----- DATA UNDER STUDY -----
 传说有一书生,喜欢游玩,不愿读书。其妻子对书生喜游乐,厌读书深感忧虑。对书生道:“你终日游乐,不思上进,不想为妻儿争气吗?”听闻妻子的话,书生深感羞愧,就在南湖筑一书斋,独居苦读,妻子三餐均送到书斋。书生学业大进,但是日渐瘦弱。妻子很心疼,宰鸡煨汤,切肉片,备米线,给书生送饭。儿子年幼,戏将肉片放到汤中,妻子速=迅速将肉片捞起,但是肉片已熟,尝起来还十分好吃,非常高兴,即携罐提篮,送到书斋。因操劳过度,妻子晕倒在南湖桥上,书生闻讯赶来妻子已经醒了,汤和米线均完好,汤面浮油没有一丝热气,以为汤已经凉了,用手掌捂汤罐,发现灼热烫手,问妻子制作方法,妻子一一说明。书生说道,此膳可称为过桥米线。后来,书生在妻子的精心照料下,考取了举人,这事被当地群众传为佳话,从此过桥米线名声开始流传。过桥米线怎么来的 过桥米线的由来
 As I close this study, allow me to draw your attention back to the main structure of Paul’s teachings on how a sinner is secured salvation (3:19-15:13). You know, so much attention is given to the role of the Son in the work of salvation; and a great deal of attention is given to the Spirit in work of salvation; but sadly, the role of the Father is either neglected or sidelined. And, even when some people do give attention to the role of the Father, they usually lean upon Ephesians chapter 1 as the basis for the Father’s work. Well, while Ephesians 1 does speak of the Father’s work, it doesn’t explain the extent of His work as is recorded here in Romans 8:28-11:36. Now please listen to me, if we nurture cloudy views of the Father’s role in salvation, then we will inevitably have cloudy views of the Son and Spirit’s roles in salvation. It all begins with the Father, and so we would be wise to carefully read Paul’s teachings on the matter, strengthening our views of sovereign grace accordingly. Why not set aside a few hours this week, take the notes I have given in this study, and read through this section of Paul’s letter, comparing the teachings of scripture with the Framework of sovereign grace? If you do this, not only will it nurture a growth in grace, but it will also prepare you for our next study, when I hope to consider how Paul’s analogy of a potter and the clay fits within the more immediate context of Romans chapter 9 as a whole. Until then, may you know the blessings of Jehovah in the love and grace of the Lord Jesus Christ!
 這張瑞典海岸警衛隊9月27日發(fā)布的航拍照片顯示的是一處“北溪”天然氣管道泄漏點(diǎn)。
-----
----- DATA UNDER STUDY -----
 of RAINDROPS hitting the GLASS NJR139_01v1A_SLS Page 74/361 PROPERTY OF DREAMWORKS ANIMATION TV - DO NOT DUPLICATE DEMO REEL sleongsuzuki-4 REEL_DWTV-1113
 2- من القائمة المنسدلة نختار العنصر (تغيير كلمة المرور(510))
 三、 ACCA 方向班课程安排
-----
_EXERCISE_
Going back to the entries above, set down exactly the lines that begin at the one with "2- من القائمة" and end at the one with "三、 ACCA 方向班课程安排", both included, and nothing else.

_RESULT FOR THIS TASK_
 2- من القائمة المنسدلة نختار العنصر (تغيير كلمة المرور(510))
 三、 ACCA 方向班课程安排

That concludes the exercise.